One of the challenges with the WWT data is that different time series have very different ranges of page views. Some wikipedia pages consistently receive lots of traffic, while others are much less popular, but occasionally get a spike due to some relevant current event, for example, a breaking news story related to the page. Lin et. al. found that DoppelGANger is highly effective at generating time series on different scales (Figure 6 of the original paper). In Image 3, we provide similar plots showing the distribution of time series midpoints. For each example, the midpoint is halfway between the minimum and maximum page views attained over the 550 days. Our PyTorch implementation shows similar fidelity for the midpoints.
Image 3: Time series midpoint distributions of real and synthetic WWT data.
Lastly, traffic to most wikipedia pages exhibits weekly and yearly patterns. To evaluate these patterns, we use autocorrelation, that is, Pearson correlation of page views at different time lags (1 day, 2 days, etc.). Autocorrelation plots for the 3 synthetic versions are shown in Image 4 (similar to Figure 1 of the original paper).
Image 4: Autocorrelation for real and synthetic WWT data.
Both PyTorch versions produce the weekly and yearly trend as observed in the original paper. The TensorFlow 1 results don’t match Figure 1 of Lin et al. exactly as the above plots are from our experiments. We observed somewhat inconsistent training using the original parameters where the model occasionally does not pick up the yearly (or even weekly) pattern. The lower learning rate (1e-4) and larger batch size (1000) used in our fast version makes retrainings more consistent.
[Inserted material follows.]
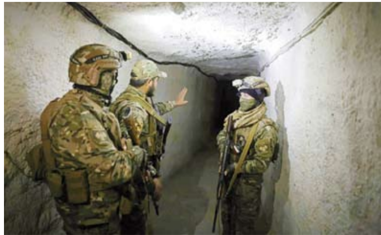
جنود من الجيش السوري يتفقدون النفق

في منطقة وعرة قرب الحدود السورية – اللبنانية، تُقيم جرافات تابعة للجيش السوري سواتر ترابية تمرکز خلفها مدعات، فيما يمشط جنود أنفاقاً قالوا إن «حزب الله» استخدمها خلال سنوات النزاع السوري، وذلك في إطار تعزيزات عسكرية في خضم الحرب الدائرة بالشرق الأوسط، وفق ما نقلته «وكالة الصحافة الفرنسية». وتسعى دمشق إلى النأي بنفسها عن الحرب التي امتدت إلى لبنان المجاور حيث يخوض «حزب الله» حرباً دامية مع إسرائيل. في ريف القصير غرب سوريا، أطلع مصوّر في «وكالة الصحافة الفرنسية»: الذي سمحت له وزارة الدفاع بتوثيق انتشار الجيش على الحدود لأول مرة منذ إرسال التعزيزات قبل نحو شهر، على أنفاق عدة عمارة للحدود اكتشفها الجيش أخيراً. وقال مسؤول النقاط الحدودية السورية

Analysis code to produce the images in this section and to train the 3 models are shared as notebooks on github.
Last but not least, a crucial aspect of more complex models is runtime. An amazing model that takes weeks to train is much more practically limited than one that takes an hour to train. Here, the PyTorch implementation compares extremely well (though as the authors note in their paper, they did not do performance optimization on the TensorFlow 1 code). All models were trained using the GPU and ran on GCP n1-standard-8 instances (8 virtual CPUs, 30 GB RAM) with an NVIDIA Tesla T4. Going from 13 hours to 0.3 hours is crucial for making this impressive model more useful in practice!
|TensorFlow 1||12.9 hours|
|PyTorch, batch_size=100 (original parameters)||1.6 hours|
|PyTorch, batch_size=1000||0.3 hours|
Gretel.ai has added a PyTorch implementation of the DoppelGANger time series model to our open-source gretel-synthetics library. We showed this implementation produces high-quality synthetic data, and is substantially faster (~40x) than the previous TensorFlow 1 implementation. If you enjoyed this post, leave a ⭐ on our gretel-synthetics GitHub, and let us know on our Slack if you have any questions! Please watch for more blogs on time series as we incorporate DoppelGANger into our APIs and add additional features such as support for variable-length sequences.
Thanks to the authors of the excellent DoppelGANger paper: Using GANs for Sharing Networked Time Series Data: Challenges, Initial Promise, and Open Questions by Zinan Lin, Alankar Jain, Chen Wang, Giulia Fanti, Vyas Sekar. And we’re especially grateful to Zinan Lin for responding to questions about the paper and TensorFlow 1 code.